START GIVEN RECORDS
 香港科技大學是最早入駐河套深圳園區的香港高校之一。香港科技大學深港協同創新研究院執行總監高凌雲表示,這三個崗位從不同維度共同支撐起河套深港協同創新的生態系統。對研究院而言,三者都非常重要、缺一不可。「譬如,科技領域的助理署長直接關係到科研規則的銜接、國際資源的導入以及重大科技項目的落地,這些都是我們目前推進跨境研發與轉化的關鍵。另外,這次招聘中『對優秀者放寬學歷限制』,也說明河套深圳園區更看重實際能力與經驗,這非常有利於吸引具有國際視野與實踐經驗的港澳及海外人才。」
END GIVEN RECORDS
START GIVEN RECORDS
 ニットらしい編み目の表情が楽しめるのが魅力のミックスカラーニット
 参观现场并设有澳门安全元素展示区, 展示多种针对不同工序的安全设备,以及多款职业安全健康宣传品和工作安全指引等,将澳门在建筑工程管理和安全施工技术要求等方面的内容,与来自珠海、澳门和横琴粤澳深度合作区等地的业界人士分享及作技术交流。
END GIVEN RECORDS
START GIVEN RECORDS
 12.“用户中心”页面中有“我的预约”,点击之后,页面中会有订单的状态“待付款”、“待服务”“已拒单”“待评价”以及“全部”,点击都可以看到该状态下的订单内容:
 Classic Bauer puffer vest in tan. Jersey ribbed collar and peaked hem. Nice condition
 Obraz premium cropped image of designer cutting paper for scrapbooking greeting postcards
END GIVEN RECORDS
WHAT THE TASK ASKS
The lines above starting at the one that contains "ニットらしい編み目の表情が楽しめるのが魅力のミックスカラーニット" and ending at the one that contains "参观现场并设有澳门安全元素展" must be transcribed exactly, and no other lines may appear.

EXERCISE SOLUTION
 ニットらしい編み目の表情が楽しめるのが魅力のミックスカラーニット
 参观现场并设有澳门安全元素展示区, 展示多种针对不同工序的安全设备,以及多款职业安全健康宣传品和工作安全指引等,将澳门在建筑工程管理和安全施工技术要求等方面的内容,与来自珠海、澳门和横琴粤澳深度合作区等地的业界人士分享及作技术交流。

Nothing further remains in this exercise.